(Dataset records)

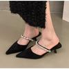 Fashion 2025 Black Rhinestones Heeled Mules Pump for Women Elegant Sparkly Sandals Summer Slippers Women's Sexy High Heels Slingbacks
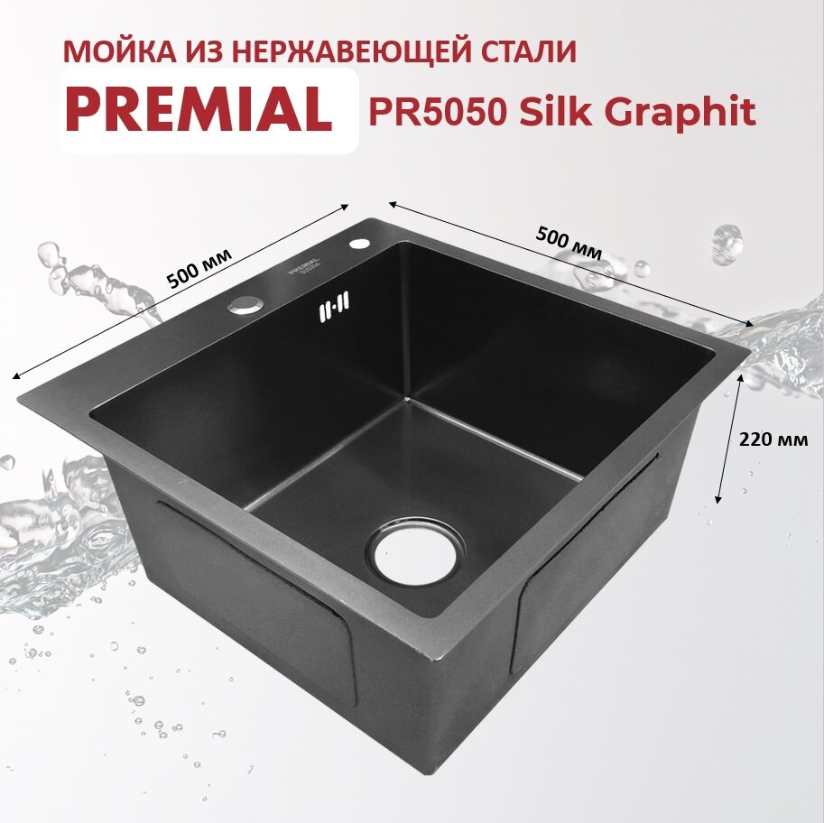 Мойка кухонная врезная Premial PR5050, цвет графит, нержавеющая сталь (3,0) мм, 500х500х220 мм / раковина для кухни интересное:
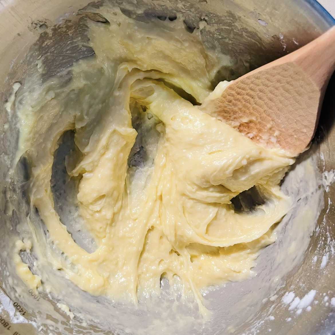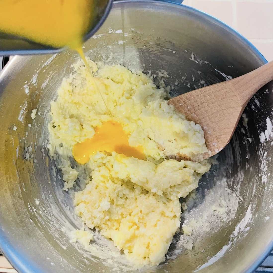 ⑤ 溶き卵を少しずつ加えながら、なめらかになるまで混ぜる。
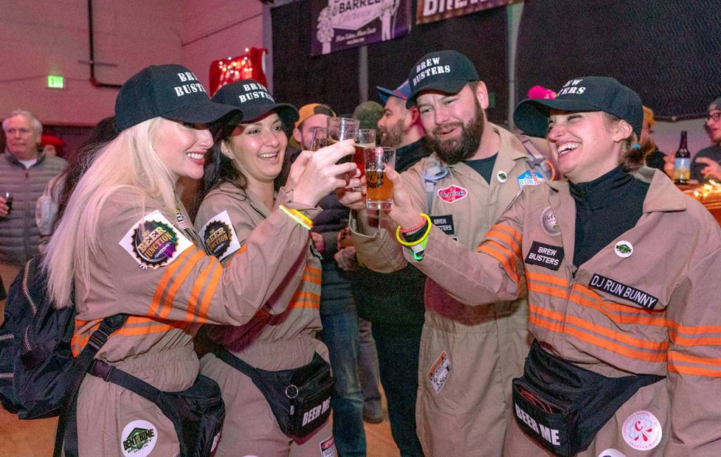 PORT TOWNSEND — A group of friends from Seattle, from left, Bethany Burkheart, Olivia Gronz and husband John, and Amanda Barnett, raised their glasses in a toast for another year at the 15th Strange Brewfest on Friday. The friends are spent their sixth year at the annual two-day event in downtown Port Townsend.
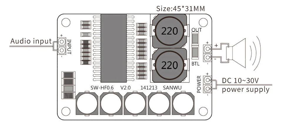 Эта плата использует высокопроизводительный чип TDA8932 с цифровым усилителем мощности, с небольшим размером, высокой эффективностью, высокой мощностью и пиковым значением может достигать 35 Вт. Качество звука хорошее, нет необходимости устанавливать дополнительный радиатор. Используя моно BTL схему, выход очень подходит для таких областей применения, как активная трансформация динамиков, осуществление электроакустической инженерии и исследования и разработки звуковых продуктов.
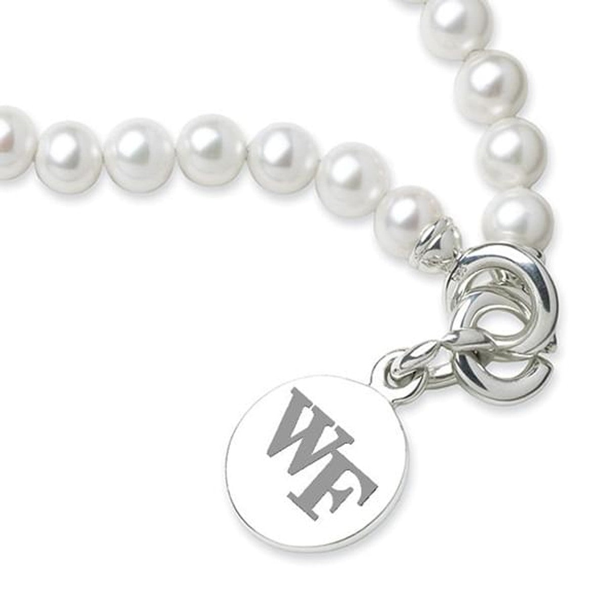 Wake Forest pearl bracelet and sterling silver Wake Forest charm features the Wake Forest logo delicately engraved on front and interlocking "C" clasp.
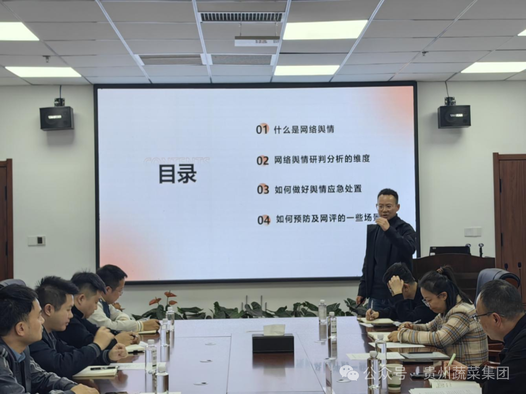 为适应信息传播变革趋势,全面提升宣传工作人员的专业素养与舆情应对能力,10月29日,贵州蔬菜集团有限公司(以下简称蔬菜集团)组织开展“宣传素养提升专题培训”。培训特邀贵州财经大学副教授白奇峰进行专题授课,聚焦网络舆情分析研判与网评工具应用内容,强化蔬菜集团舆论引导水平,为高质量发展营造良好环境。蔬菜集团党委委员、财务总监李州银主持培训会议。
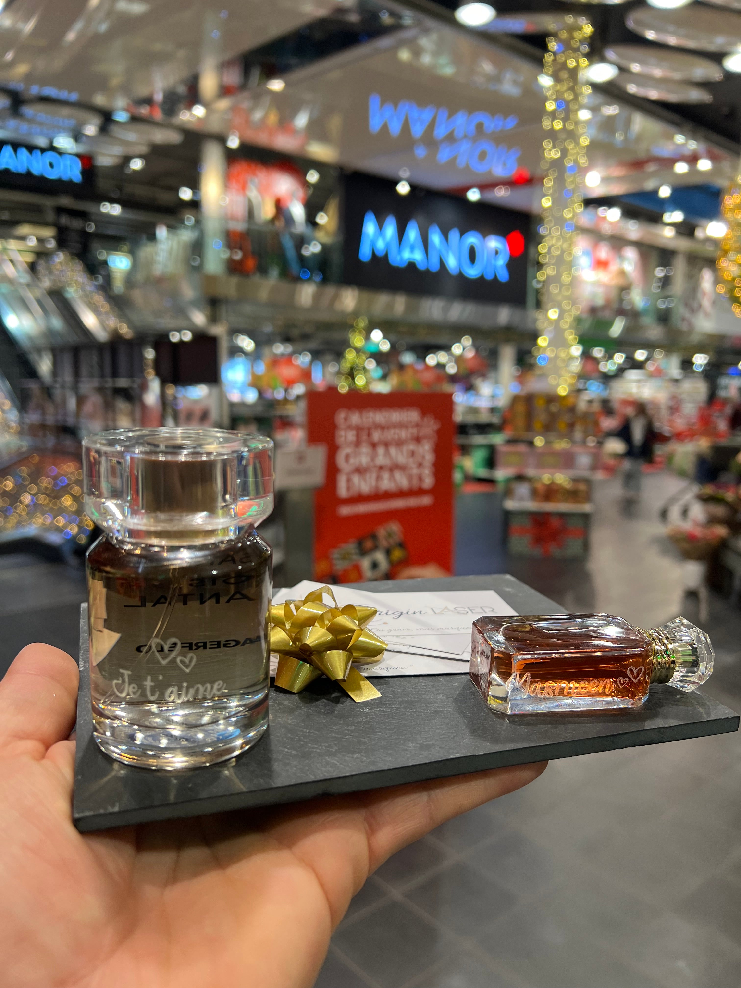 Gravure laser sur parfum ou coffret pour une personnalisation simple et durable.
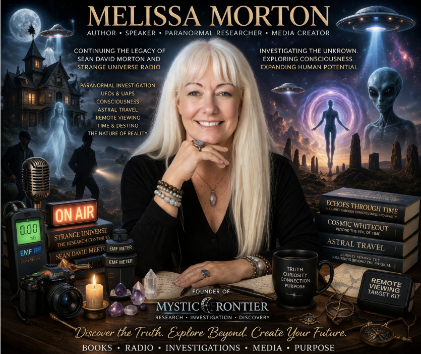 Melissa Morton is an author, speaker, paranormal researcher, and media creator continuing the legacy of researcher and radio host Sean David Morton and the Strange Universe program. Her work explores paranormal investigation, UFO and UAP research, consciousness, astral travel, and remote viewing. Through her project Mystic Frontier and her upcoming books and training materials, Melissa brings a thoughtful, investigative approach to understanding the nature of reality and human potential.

Exercise description: Copy word for word the span of the records above that begins at the line with "Эта плата использует" and ends at the line with "Gravure laser sur", including those two lines but not the pictures.

Your solution:
 Эта плата использует высокопроизводительный чип TDA8932 с цифровым усилителем мощности, с небольшим размером, высокой эффективностью, высокой мощностью и пиковым значением может достигать 35 Вт. Качество звука хорошее, нет необходимости устанавливать дополнительный радиатор. Используя моно BTL схему, выход очень подходит для таких областей применения, как активная трансформация динамиков, осуществление электроакустической инженерии и исследования и разработки звуковых продуктов.
 Wake Forest pearl bracelet and sterling silver Wake Forest charm features the Wake Forest logo delicately engraved on front and interlocking "C" clasp.
 为适应信息传播变革趋势,全面提升宣传工作人员的专业素养与舆情应对能力,10月29日,贵州蔬菜集团有限公司(以下简称蔬菜集团)组织开展“宣传素养提升专题培训”。培训特邀贵州财经大学副教授白奇峰进行专题授课,聚焦网络舆情分析研判与网评工具应用内容,强化蔬菜集团舆论引导水平,为高质量发展营造良好环境。蔬菜集团党委委员、财务总监李州银主持培训会议。
 Gravure laser sur parfum ou coffret pour une personnalisation simple et durable.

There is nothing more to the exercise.